Problem to work on: Word for word, retype the lines from the one containing "喜屋武 麻友巳さんを姓名の画数から五運を鑑定" to the one containing "To My Amazing" below, keeping both end lines and dropping the pictures.

Raw data:
- Opening Delimiter -
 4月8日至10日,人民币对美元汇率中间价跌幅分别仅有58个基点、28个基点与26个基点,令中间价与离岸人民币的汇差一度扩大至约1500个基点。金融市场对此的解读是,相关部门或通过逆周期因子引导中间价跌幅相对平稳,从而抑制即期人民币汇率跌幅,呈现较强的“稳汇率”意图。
- Closing Delimiter -
- Opening Delimiter -
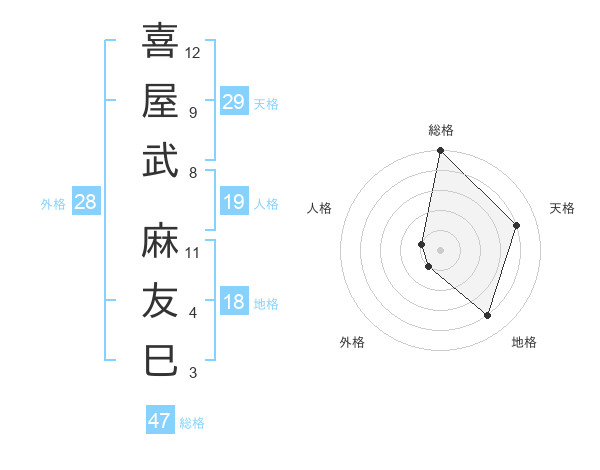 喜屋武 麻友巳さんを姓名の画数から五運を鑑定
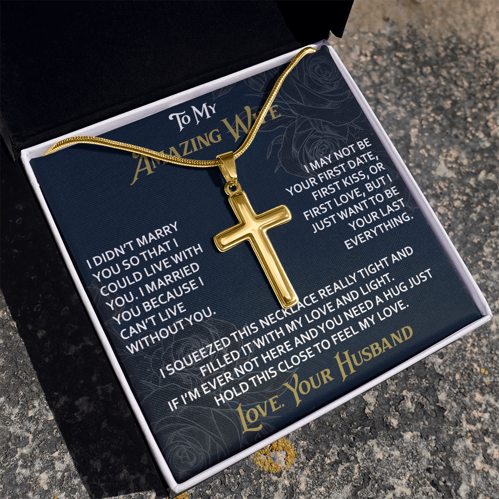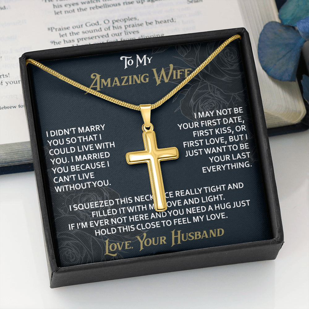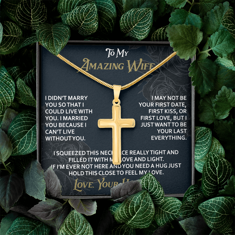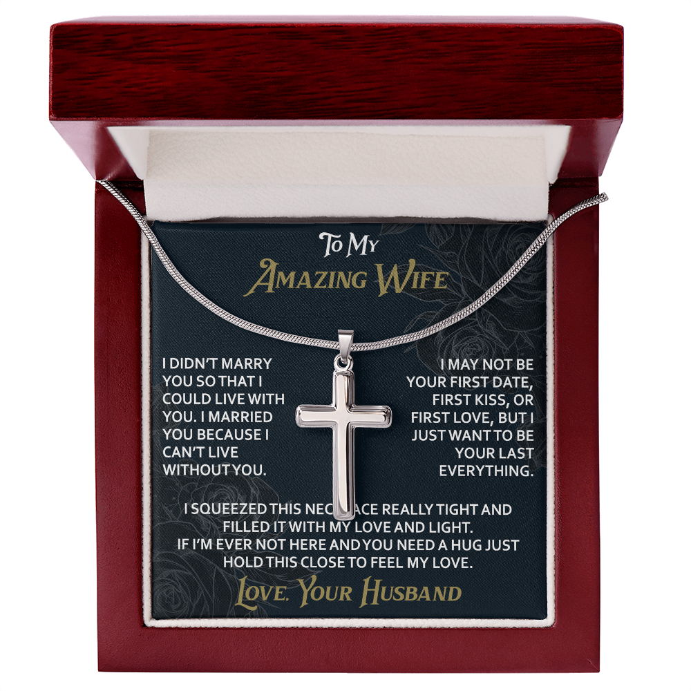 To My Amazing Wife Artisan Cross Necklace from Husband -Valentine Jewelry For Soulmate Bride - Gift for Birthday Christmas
- Closing Delimiter -
Exercise answer:
 喜屋武 麻友巳さんを姓名の画数から五運を鑑定
 To My Amazing Wife Artisan Cross Necklace from Husband -Valentine Jewelry For Soulmate Bride - Gift for Birthday Christmas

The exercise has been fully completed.